Brief » Set down every entry exactly as it stands, omitting any picture.

START Records for the task

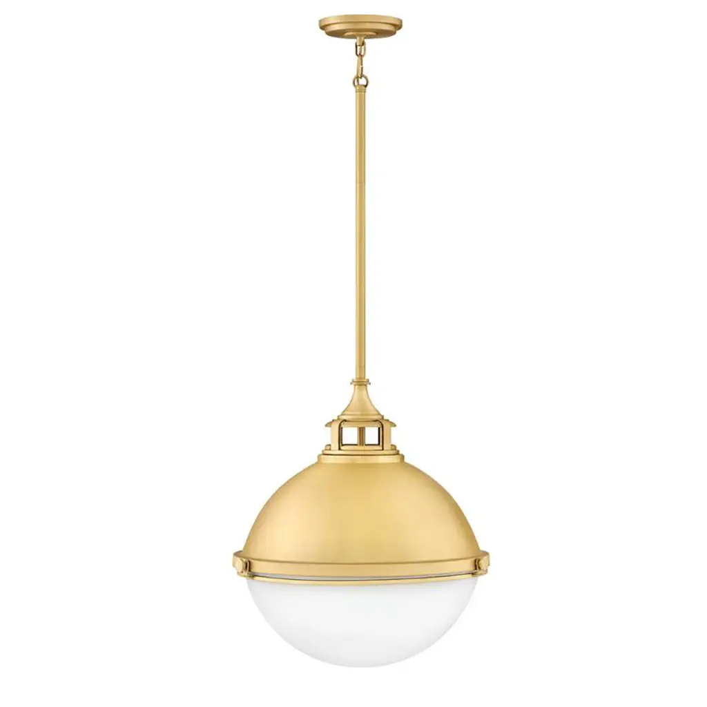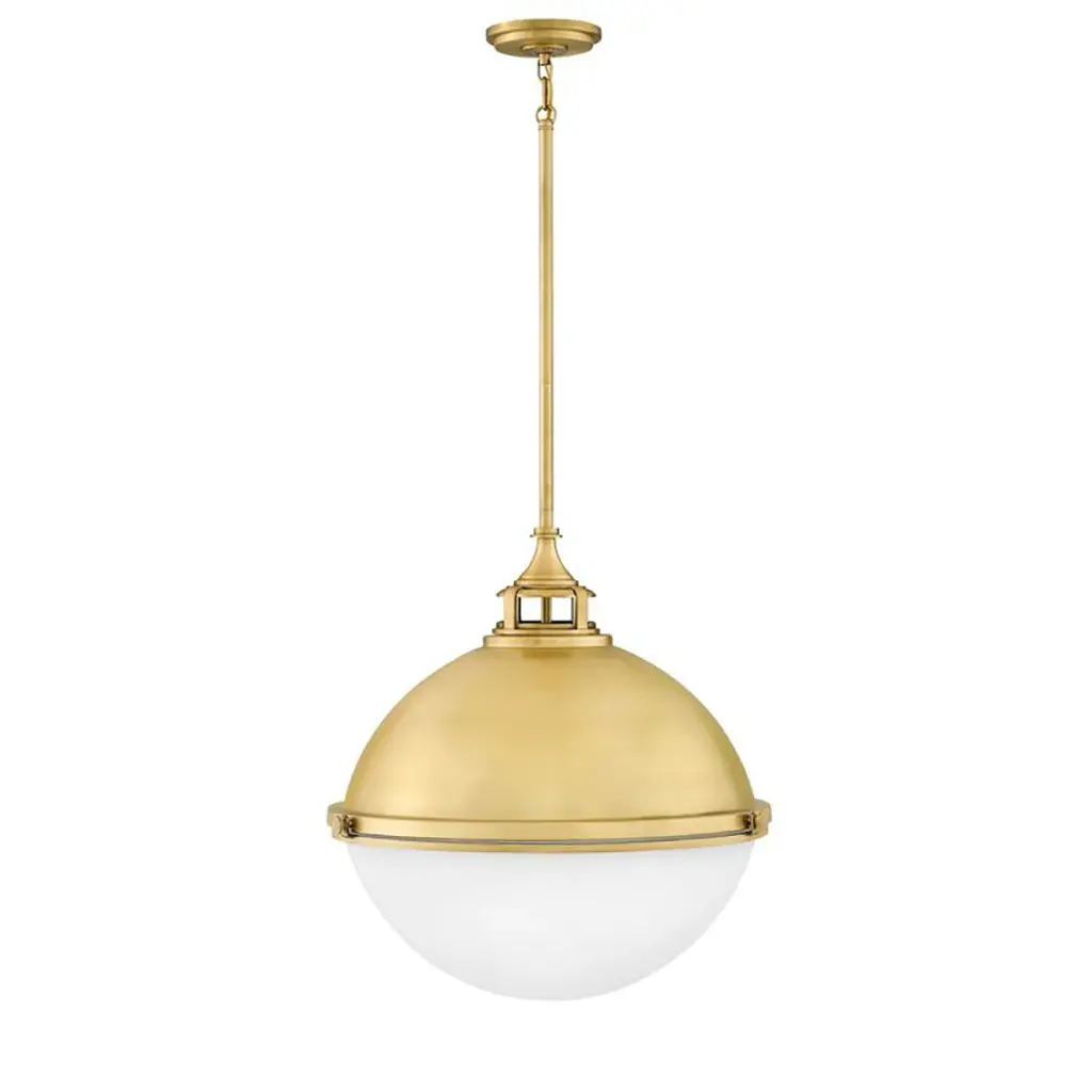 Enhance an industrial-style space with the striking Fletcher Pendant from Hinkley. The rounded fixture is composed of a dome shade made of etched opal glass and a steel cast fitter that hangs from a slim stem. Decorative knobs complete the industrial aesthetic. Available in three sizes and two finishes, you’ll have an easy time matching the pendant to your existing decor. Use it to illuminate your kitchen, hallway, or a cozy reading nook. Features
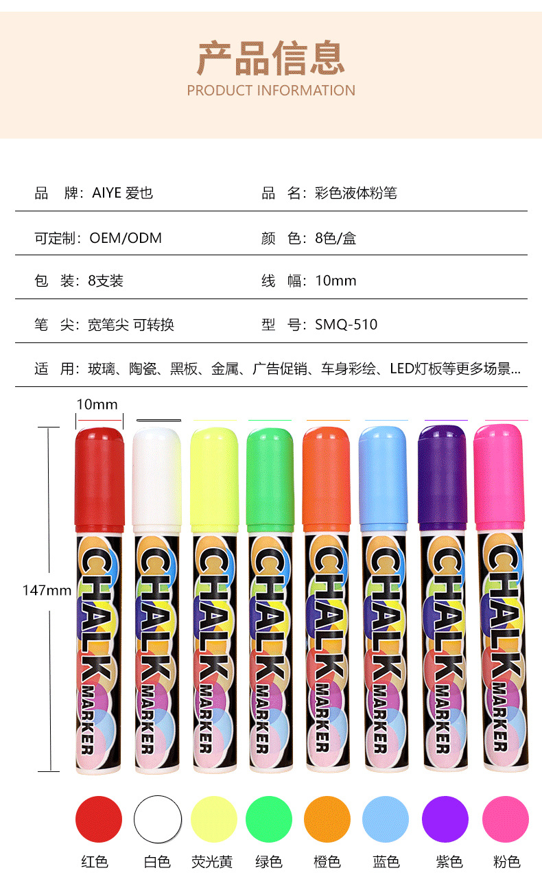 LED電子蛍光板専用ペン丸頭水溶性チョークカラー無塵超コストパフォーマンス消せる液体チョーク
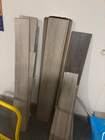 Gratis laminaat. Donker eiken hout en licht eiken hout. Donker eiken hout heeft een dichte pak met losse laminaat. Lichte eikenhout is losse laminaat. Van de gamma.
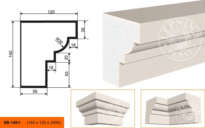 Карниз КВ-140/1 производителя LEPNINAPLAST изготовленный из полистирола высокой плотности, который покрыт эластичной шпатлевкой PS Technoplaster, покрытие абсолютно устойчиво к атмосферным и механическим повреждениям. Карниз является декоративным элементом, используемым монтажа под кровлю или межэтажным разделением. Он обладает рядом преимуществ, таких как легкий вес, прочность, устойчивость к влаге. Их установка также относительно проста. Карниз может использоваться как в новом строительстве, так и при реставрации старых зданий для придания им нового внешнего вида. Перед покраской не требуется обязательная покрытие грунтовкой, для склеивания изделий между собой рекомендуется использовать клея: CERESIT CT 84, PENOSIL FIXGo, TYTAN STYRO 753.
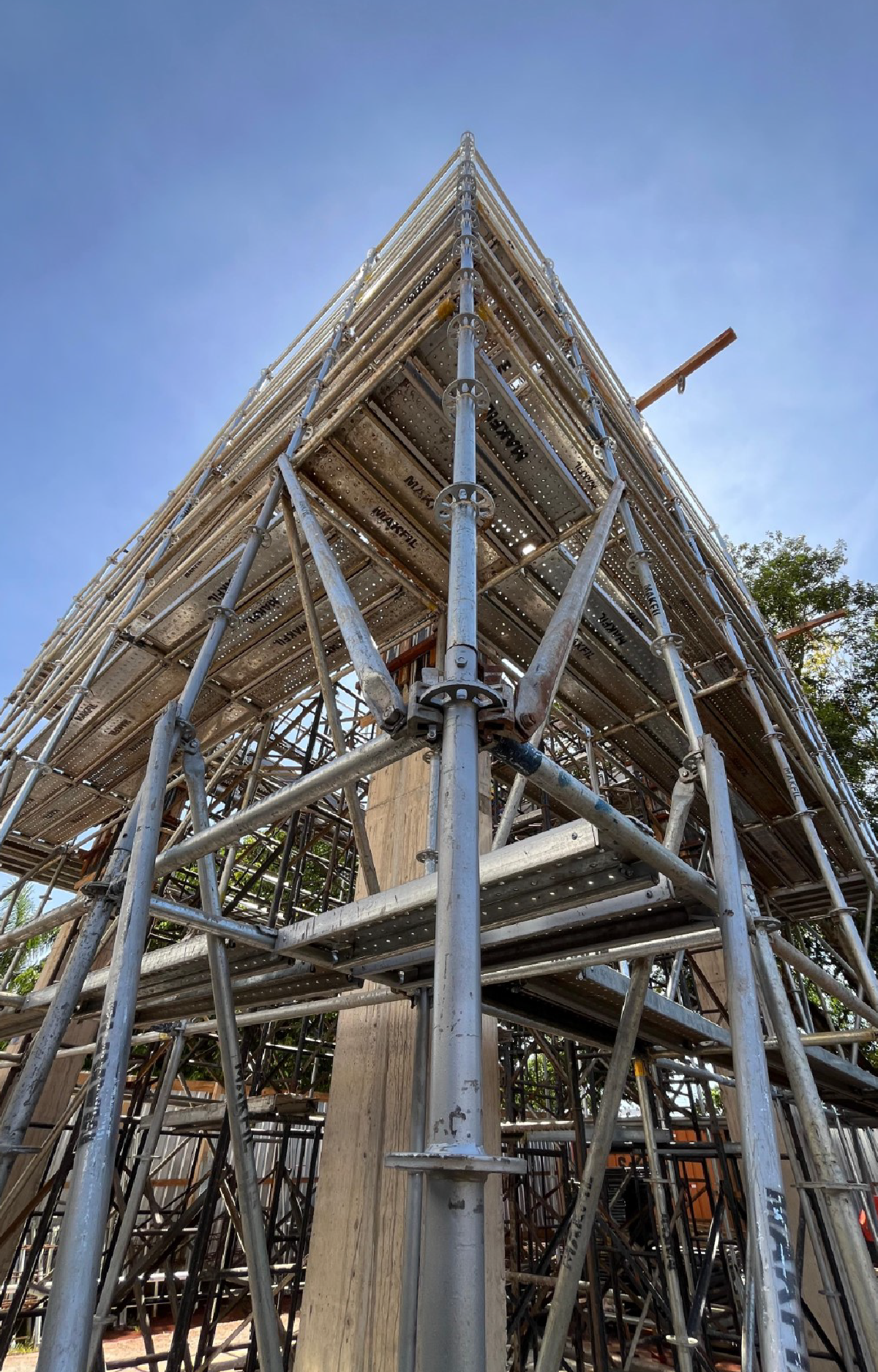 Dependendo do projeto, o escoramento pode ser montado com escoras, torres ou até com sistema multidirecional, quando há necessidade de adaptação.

END Records for the task

Written solution »
 Enhance an industrial-style space with the striking Fletcher Pendant from Hinkley. The rounded fixture is composed of a dome shade made of etched opal glass and a steel cast fitter that hangs from a slim stem. Decorative knobs complete the industrial aesthetic. Available in three sizes and two finishes, you’ll have an easy time matching the pendant to your existing decor. Use it to illuminate your kitchen, hallway, or a cozy reading nook. Features
 LED電子蛍光板専用ペン丸頭水溶性チョークカラー無塵超コストパフォーマンス消せる液体チョーク
 Gratis laminaat. Donker eiken hout en licht eiken hout. Donker eiken hout heeft een dichte pak met losse laminaat. Lichte eikenhout is losse laminaat. Van de gamma.
 Карниз КВ-140/1 производителя LEPNINAPLAST изготовленный из полистирола высокой плотности, который покрыт эластичной шпатлевкой PS Technoplaster, покрытие абсолютно устойчиво к атмосферным и механическим повреждениям. Карниз является декоративным элементом, используемым монтажа под кровлю или межэтажным разделением. Он обладает рядом преимуществ, таких как легкий вес, прочность, устойчивость к влаге. Их установка также относительно проста. Карниз может использоваться как в новом строительстве, так и при реставрации старых зданий для придания им нового внешнего вида. Перед покраской не требуется обязательная покрытие грунтовкой, для склеивания изделий между собой рекомендуется использовать клея: CERESIT CT 84, PENOSIL FIXGo, TYTAN STYRO 753.
 Dependendo do projeto, o escoramento pode ser montado com escoras, torres ou até com sistema multidirecional, quando há necessidade de adaptação.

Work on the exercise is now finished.